A log file is also produced:
- [log_path]: the main log file for the annotations loader
MODIFIES
This script adds the annotations obtained for the variants in unannotated_snps_indels to the table snp_eff. If the -no_trunc flag is false, the unannotated_snps_indels is truncated after the annotations are successfully loaded to the effects table.
-
scripts.vardb_load_annotations.
load_annotations
(vcf_path, log_path, database, simulate=False, no_truncate=False, rm=False)¶ Loads SnpEff annotations to the database
Parameters: - vcf_path – location where unannotated variants downloaded from the database will be stored
- log_path – location of log file
- database – database to update
- simulate – true if you want to simulate loading, without actually making changes to the database [False]
- no_truncate – true if you do not want to truncate the table unannotated_snps_indels after effects loading [False]
- rm – true if you want to remove the temporary vcf files after effects loading [True]

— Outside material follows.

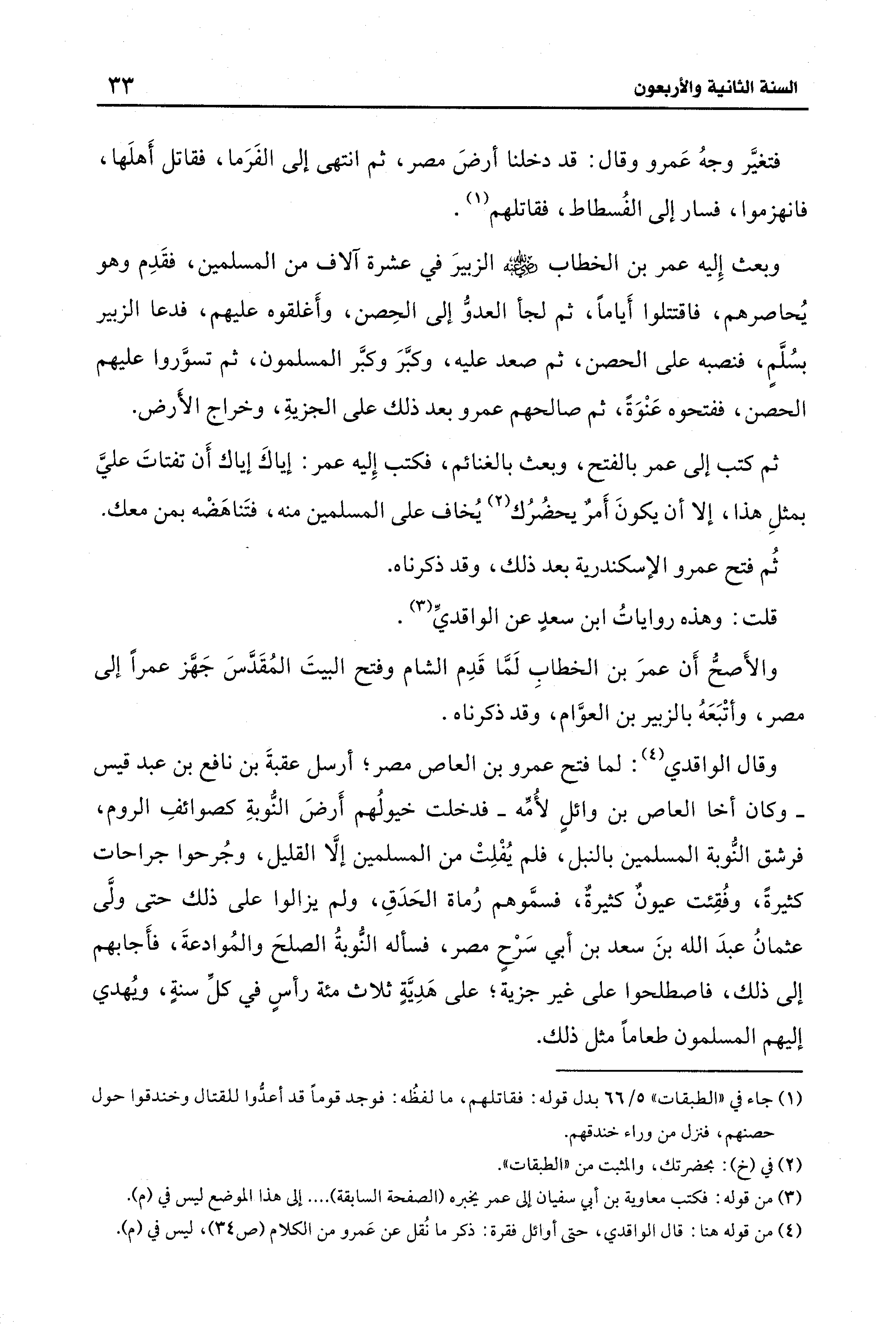 (¬4) من قوله هنا: قال الواقدي، حتى أوائل فقرة: ذكر ما نُقل عن عَمرو من الكلام (ص 34)، ليس في (م).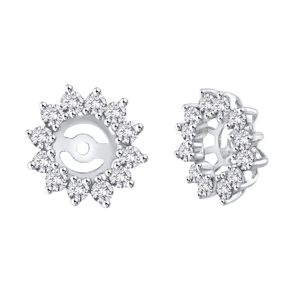 Add a whole new look to your simple stud earrings with these dazzling earring jackets. Simply slip your earring post through the hole, and your earring is instantly haloed by brilliant round cut diamonds set in gold. These pair of earring jackets can hold up to 2 ct. (Tw.) stud earrings. Studs are not included.

Modifies: snp_eff, unannotated_snps_indels (if rm = True)
-
scripts.vardb_load_annotations.
main
()¶
scripts.vardb_load_dim_tables module¶
Updates dim tables with new data from file.
REQUIREMENTS
- pivotal group privileges on the vardb databases
- pxf permissions on hdfs
- you must have login files in your home directory; login files have a single line of text with username:password
- for vardb the file is .gscaccount
INPUTS
usage: python vardb_load_dim_tables.py [-h] --database DATABASE
[-l {debug,info,warning,error}]
[-t TABLES [TABLES ...]]
optional arguments:
-h, --help show this help message and exit
-l {debug,info,warning,error}, --log_level {debug,info,warning,error}
the level of logging
-t TABLES [TABLES ...], --tables TABLES [TABLES ...]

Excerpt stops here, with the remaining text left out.